When writing about Argentina, one can not very well ignore its little old neighbour just over the River Plate. La República Oriental del Uruguay is, of course, a tiny little country wedged rather tightly between two mighty siblings, Argentina and Brazil. The whole country is smaller than the Province of Buenos Aires and has a population of three million. (Buenos Aires alone has ten mil).
There is no doubt that Uruguay is a beautiful country. The historical charm of World Heritage town, Colonia, the beaches and glamour of Punta del Este, and even the quaint little Carmelo up the delta with its sleepy 1950s U.S appeal.
But what is the point of the place some might ask? It’s so teeny and insignificant. Should it even be its own country?
These are things many porteños joke about this side of the river, often referring to Uruguay as the twenty-fourth province of their own country. Some say it is a place where nothing seems to happen. Where people do little but wander around, hot water flask in one hand, and maté in the other (which they often manage to do while riding a scooter). Its capital is devastatingly and deathly boring and the only good thing the country does is banking. Get anal about time and that soiling rep as the Switzerland of South America comes a calling.
|La Rambla in Montevideo|
Now I like Uruguay, but I must confess that when it comes to Montevideo; boring, dull, dreary, sad, lifeless and lacklustre are all words that have wearily left my lips as even talking about the place almost always sent me nodding off into the deepest of deep sleeps.

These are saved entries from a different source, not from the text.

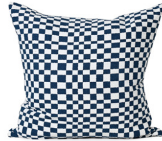
BLOCKS IN BLUE DDCUSBLOCKB001 - 57 x 57
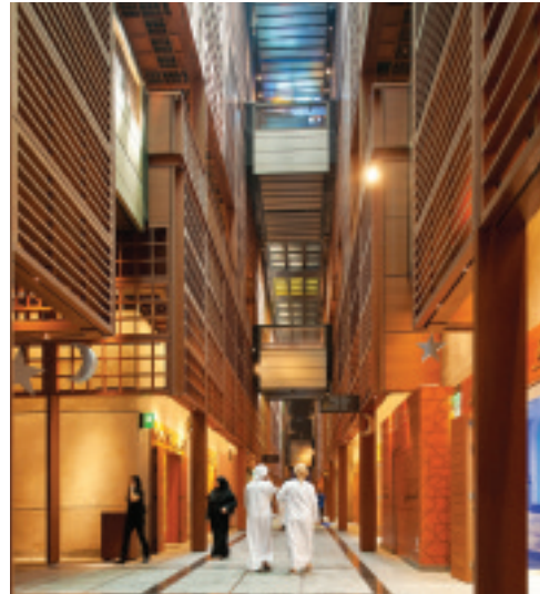
SAS's portfolio includes The Souk at Abu Dhabi's Central Market.

As well as the 'Building for the Future' seminar from 4.15pm to 4.45pm today, SAS International will hold
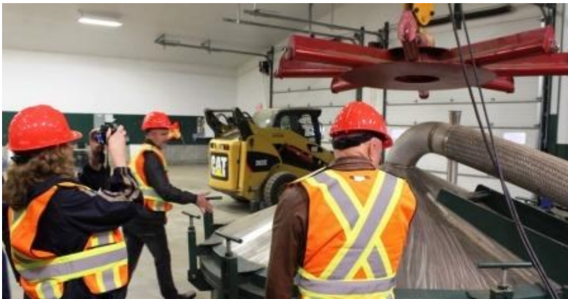
Young Living Facility Tour
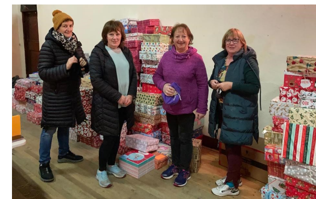
Christmas 2021 and Nollaig na mBan 2022
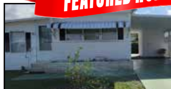
1766 Palm Springs $124,900
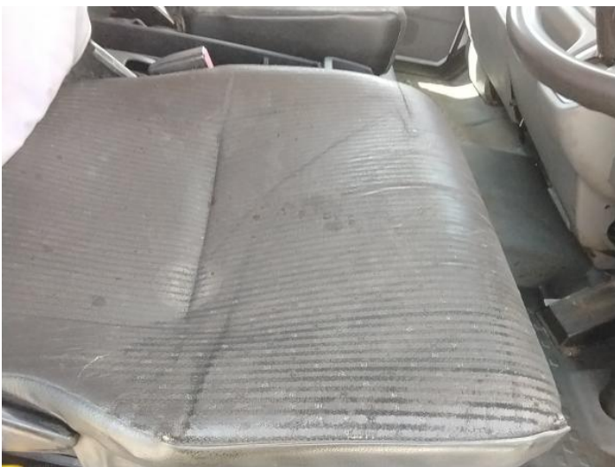
7: Seat Base Cover osf Torn Over 3mm
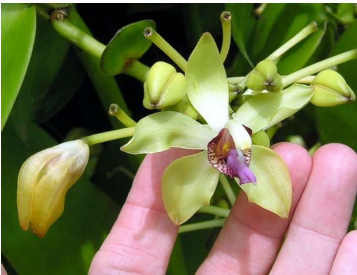
Vanilla africana - West and Central West Africa

The 5th International Orchid Conservation Congress was held in Ile de la Réunion in early December 2014. Reunion Island is located about 800 km east of Madagascar in the Indian Ocean. This volcanic island is an overseas Département of France and hence part of the European Union. One of their major crops is vanilla. We toured was the CIRAD Biological Resources Center (CRB) where the largest collection of Vanilla species in the world is managed in a shade house collection and also conserved using in vitro and cryopreservation techniques. Many different species of Vanilla were in full bloom.
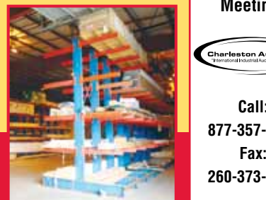
HUNDREDS OF SECTIONS OF "LIKE NEW" RACKING
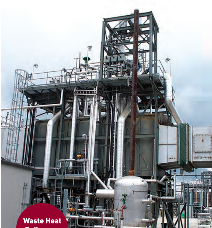
Waste Heat Boilers on Coke Ovens

N/E PROVIDES FOR MULTIPLE WASTE HEAT APPLICATIONS.
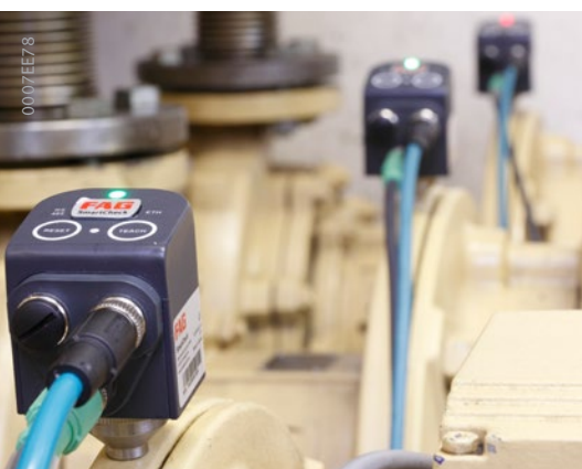
Pump monitoring with FAG SmartCheck
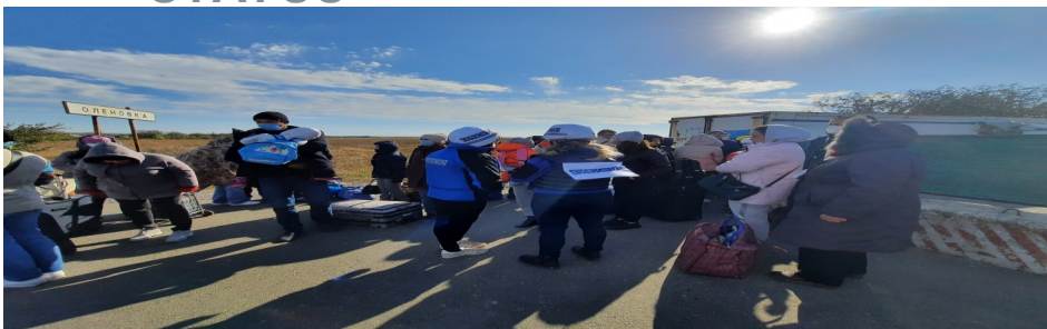
OSCE SMM with civilians at Olenivka
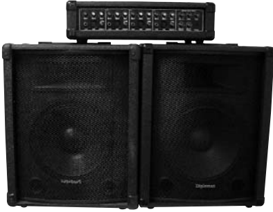
DIPLOMAT PA SYSTEM 4-CHANNEL PA HEAD W/ 2-10" SPEAKERS, 100 WATT PA HEAD, 10" SPEAKERS, 80 WATTS RMS/ 160 WATTS MUSIC, COLOR: BLACK
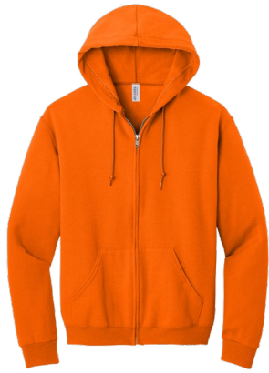
JERZEES® NuBlend® Full-Zip Hooded Sweatshirt 993M | Adult Sizes: S-3XL
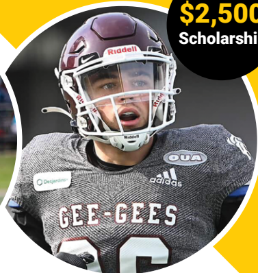
Today, he plays as a receiver for the University of Ottawa Gee-Gees.
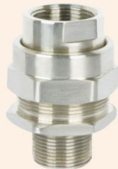
Steel pipe wiring
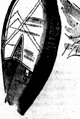
Flexaies® Girdles and Combinations Flexaies® Pulchra Design Bras

Complete figure beauty with the perfect two-piece... figure-sleeking Flexaies for lifeline, lovely lines with blessed freedom... and Flexaie... bra with the clever low cut... in the new Pulchra Design.
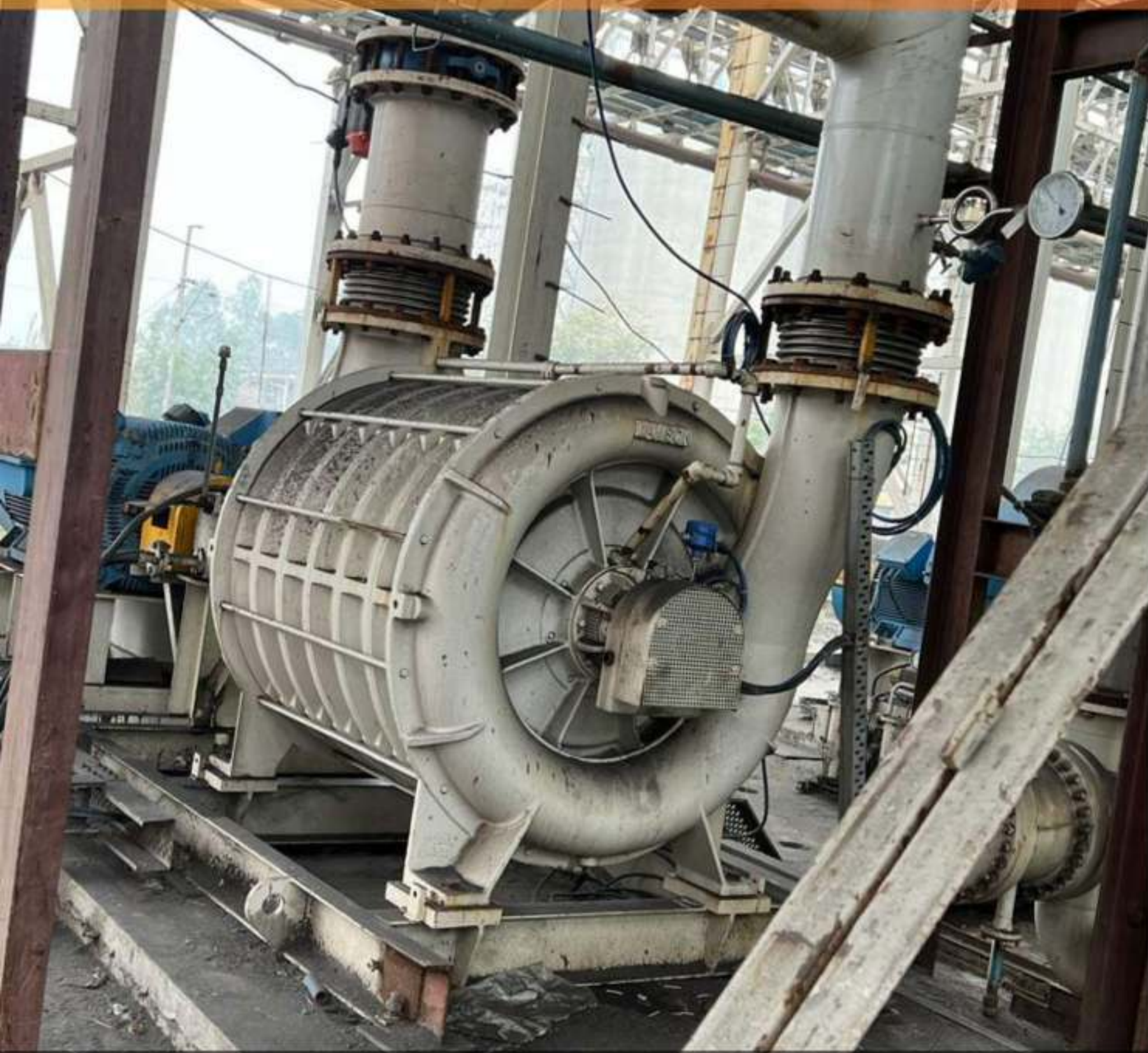
Metallic Expansion Joints fitted with Oxidation Air Blower for the Gypsum separation process at FGD Plant
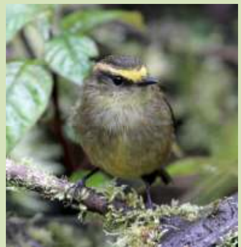
One of many Yellow-bellied Chat-Tyrants that showed well
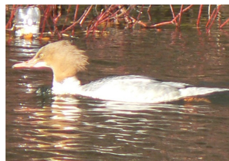
Female Goosander, 13.11.2010.

Every Saturday 10am outside the Lakeside Café.
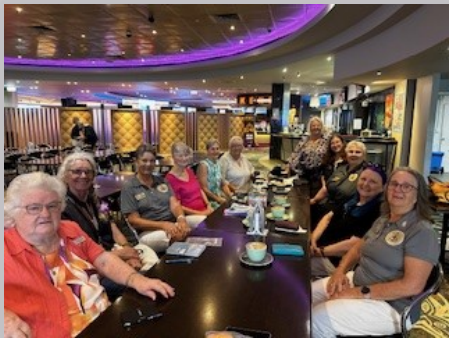
Coffee and Catch Up held at Maroochy RSL on 7th March
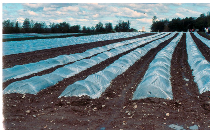
Figure 5. Commercial use of row covers in New England.

Polyethylene (poly) covers are clear or pigmented polyethylene, installed over wire support hoops (Figures 7 & 8).

And then a friend came around claiming that it was an excellent place, and he would prove it. Excellent? Was he bloody kidding?
A zip over the River Plate to Colonia and then off on a bus ride through the countryside. The journey is actually, particularly pretty. Even the dated hamlets the road cuts through are not so shabby. Ignore the palm trees and you might think you were riding through Oxfordshire.
Two hours later and the skyline of Montevideo pops up on the horizon. Well, one skyscraper pops up; the rest of city is still well down below four stories. This is the first reminder that to enjoy this city, one must resist the ever present temptation to compare it to its big brother Buenos Aires.
It’s a little grey and run down, and the atmosphere is sombre, like that of a family returning from holiday. But the city faces the river to take full advantage of the sandy shores and the people are friendly and relaxed. This is not a metropolis and that is important to understand. It is a small city which offers simple pleasures. An early evening coffee in the run down yet charming old town, or perhaps join the locals for a whisky sat at the bar.
Now this I like. Uruguay, unlike Argentina, is a whisky drinking nation. Real Scotch actually from Scotland flows into glasses of Montevideños as they relax and chat with the barmen and waiting staff. Yes chat. The staff is always chatty and friendly and polite, and all in an unrushed, non-neurotic sort of a way. Life is like that in Montevideo. The city may look more like Anne Widdencombe than Marilyn Monroe, but the lifestyle is a refreshingly low geared contrast to the F1 paced Buenos Aires.
|El Chivito Canadiense|
And then there is the food. The city may well feel like a stingy portion of urbanity but the food, well there is nothing low-key about that.
Let that late evening peckish urge guide you to a Chivito Canadiense. A mother of a sandwich, filled with beef, bacon, ham, fried egg, olives, peppers, cheese, and well I’m sure I forget the rest of the fatty ingredients, but the end result is a greasy smile and an unbuckled belt.
But save room. In Montevideo, always, always save room.
You do not want to, and I repeat in words which I wish could shout it out, arrive at El Mercado del Puerto with anything other than the emptiest of hungry hollow rumbling ready bellies.
This place is what meat is about. A giant space down by the port filled with bars where since 1885, parrilleros have been cutting up every imaginable chunk of an animal and hurling it all onto wood fuelled grills surrounded on all four sides by ravishing meat loving customers. Saturday lunchtime is loud, it’s hectic, and the aroma of sizzling treats fills the air as you shovel it down and only wish you had unlimited space.
My weekend was excellent and my stomach was fuller than that of a fat kid chomping on chomp bars all day long. And while some might argue that Uruguay’s very minuteness hinders the shaping of a true and inspiring national identity, I would now suggest that a visit to its capital is a sure way to understand its true uniqueness.
At least you will have one almighty whisky lubricated meat-feast of a feed while you’re there.